_Input data_:
Start of Block

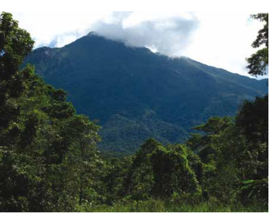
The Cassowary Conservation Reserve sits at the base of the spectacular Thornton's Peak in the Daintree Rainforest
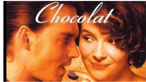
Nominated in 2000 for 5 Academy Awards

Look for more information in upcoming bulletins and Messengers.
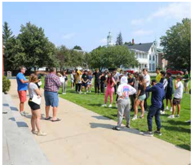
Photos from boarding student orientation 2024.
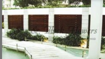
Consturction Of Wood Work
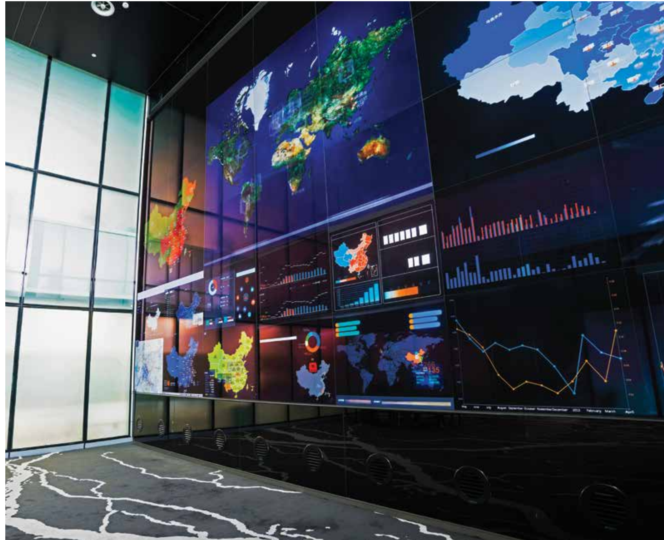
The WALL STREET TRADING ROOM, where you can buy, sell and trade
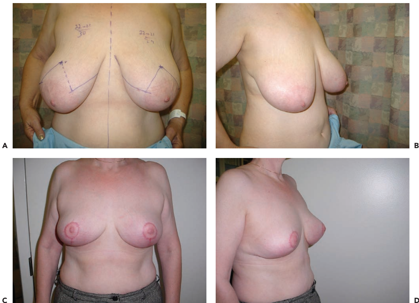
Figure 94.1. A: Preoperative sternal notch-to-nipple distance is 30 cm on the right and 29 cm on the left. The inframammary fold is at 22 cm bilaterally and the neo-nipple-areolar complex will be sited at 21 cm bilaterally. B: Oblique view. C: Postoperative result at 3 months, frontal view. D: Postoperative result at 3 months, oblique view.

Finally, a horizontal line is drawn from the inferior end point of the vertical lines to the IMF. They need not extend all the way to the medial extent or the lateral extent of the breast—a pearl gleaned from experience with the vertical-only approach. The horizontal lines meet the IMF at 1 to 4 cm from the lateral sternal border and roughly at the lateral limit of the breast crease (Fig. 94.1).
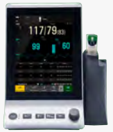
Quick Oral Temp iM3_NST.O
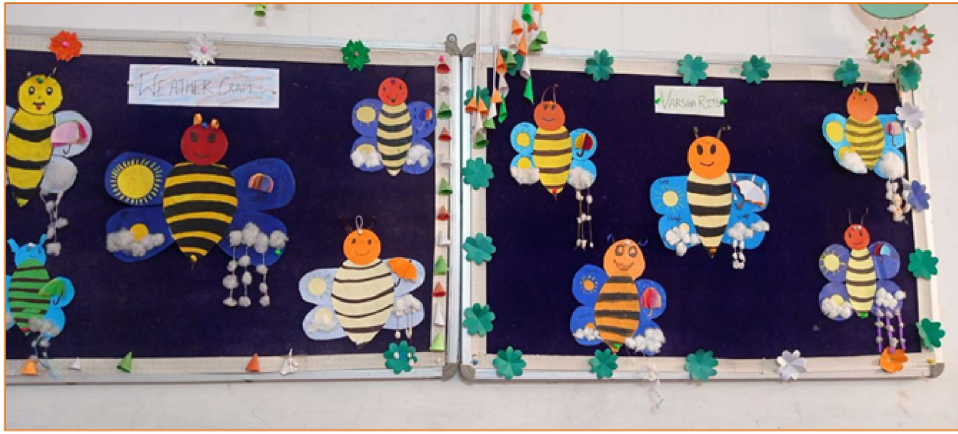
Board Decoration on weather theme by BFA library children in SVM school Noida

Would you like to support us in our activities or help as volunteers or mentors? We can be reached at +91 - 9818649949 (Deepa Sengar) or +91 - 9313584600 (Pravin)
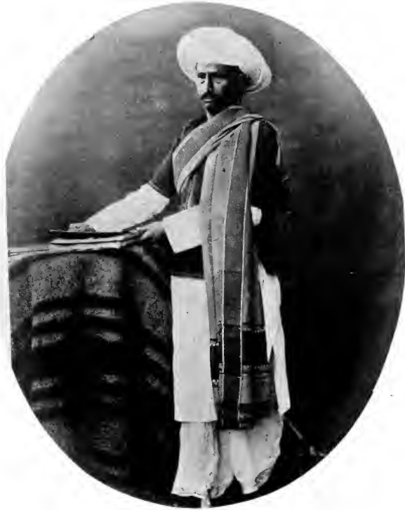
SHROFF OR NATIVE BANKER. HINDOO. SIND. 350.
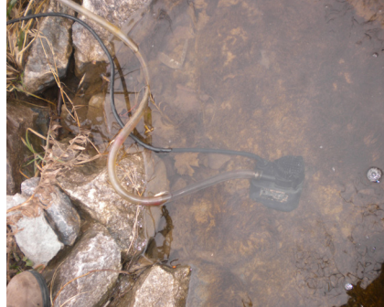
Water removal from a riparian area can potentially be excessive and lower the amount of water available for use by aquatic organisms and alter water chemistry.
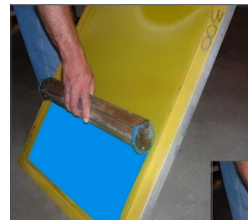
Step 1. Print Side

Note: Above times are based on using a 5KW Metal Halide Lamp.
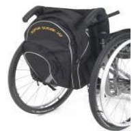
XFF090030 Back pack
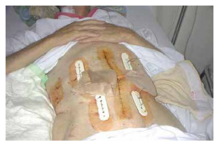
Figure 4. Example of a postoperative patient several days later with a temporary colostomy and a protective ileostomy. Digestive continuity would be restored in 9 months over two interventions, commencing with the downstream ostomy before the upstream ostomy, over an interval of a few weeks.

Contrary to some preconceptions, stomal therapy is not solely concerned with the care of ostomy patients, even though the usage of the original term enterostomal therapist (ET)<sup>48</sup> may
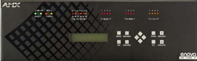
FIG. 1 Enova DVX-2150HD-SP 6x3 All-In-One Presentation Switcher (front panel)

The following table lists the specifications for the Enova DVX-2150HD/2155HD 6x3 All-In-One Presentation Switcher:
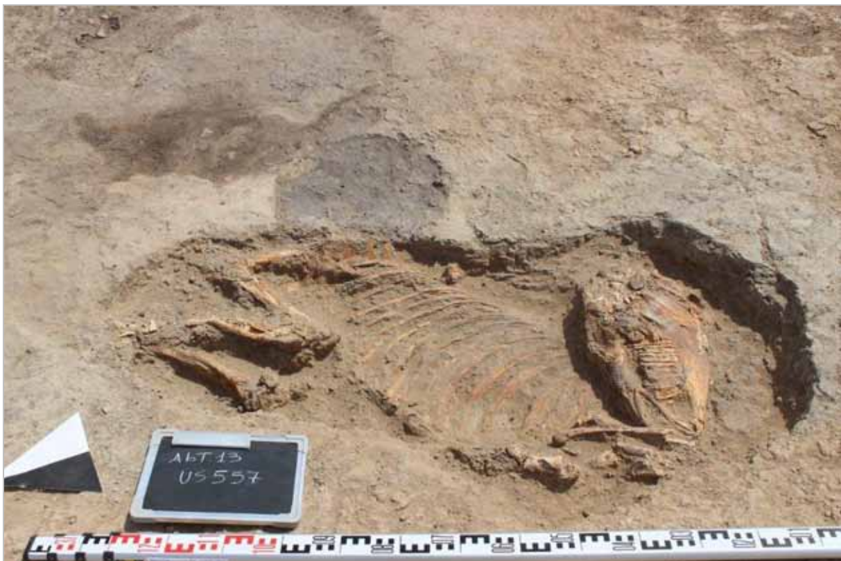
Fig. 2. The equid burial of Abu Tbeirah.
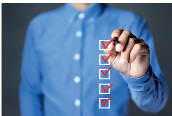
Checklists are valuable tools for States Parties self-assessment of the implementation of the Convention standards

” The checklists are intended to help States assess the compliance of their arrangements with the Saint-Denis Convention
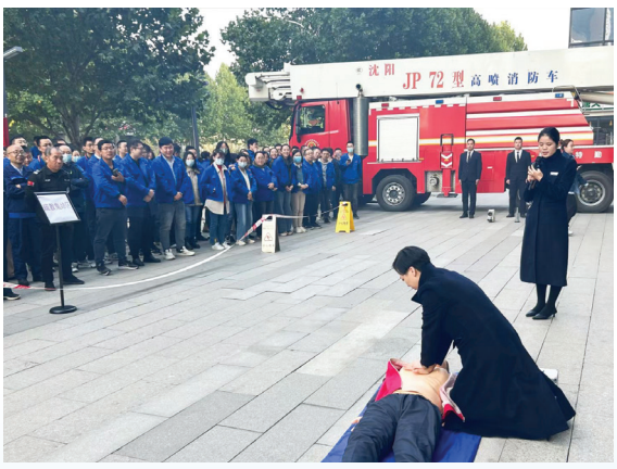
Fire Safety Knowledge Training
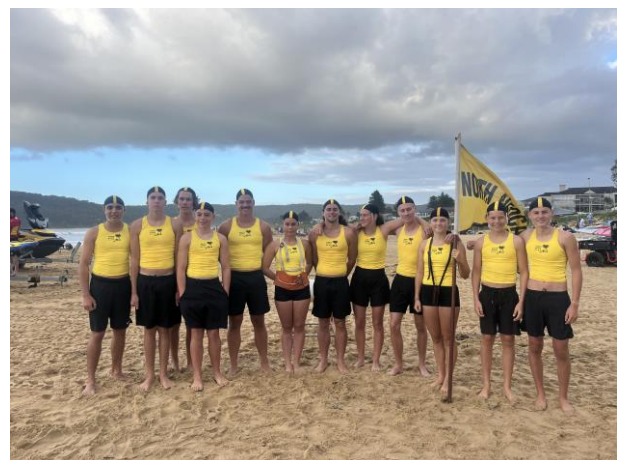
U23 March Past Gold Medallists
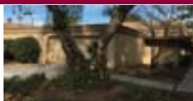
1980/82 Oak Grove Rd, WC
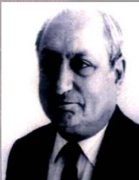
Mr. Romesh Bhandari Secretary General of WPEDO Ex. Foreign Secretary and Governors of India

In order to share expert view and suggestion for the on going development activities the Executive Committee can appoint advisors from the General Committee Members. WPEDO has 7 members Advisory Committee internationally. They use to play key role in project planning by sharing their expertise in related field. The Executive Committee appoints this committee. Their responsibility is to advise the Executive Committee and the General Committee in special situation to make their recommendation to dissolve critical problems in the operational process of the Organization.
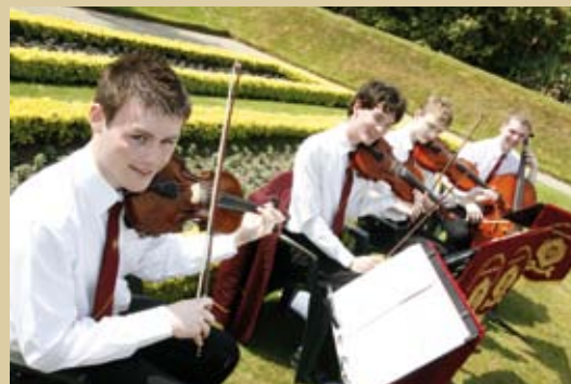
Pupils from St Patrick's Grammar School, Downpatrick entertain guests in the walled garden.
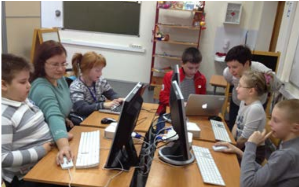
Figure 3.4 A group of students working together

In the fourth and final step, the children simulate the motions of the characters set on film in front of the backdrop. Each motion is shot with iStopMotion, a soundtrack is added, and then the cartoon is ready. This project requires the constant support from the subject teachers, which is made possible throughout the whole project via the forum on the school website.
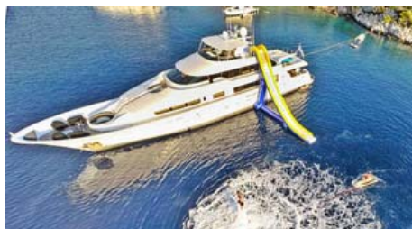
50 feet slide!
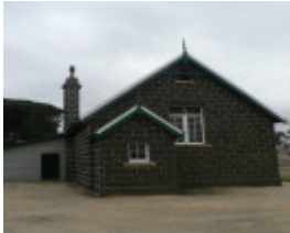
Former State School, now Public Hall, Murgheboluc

End of Block

_Work request_: Look for the string "Presentation" in the entries above. Copy every line that has it.

_Result for this task_:
FIG. 1 Enova DVX-2150HD-SP 6x3 All-In-One Presentation Switcher (front panel)
The following table lists the specifications for the Enova DVX-2150HD/2155HD 6x3 All-In-One Presentation Switcher:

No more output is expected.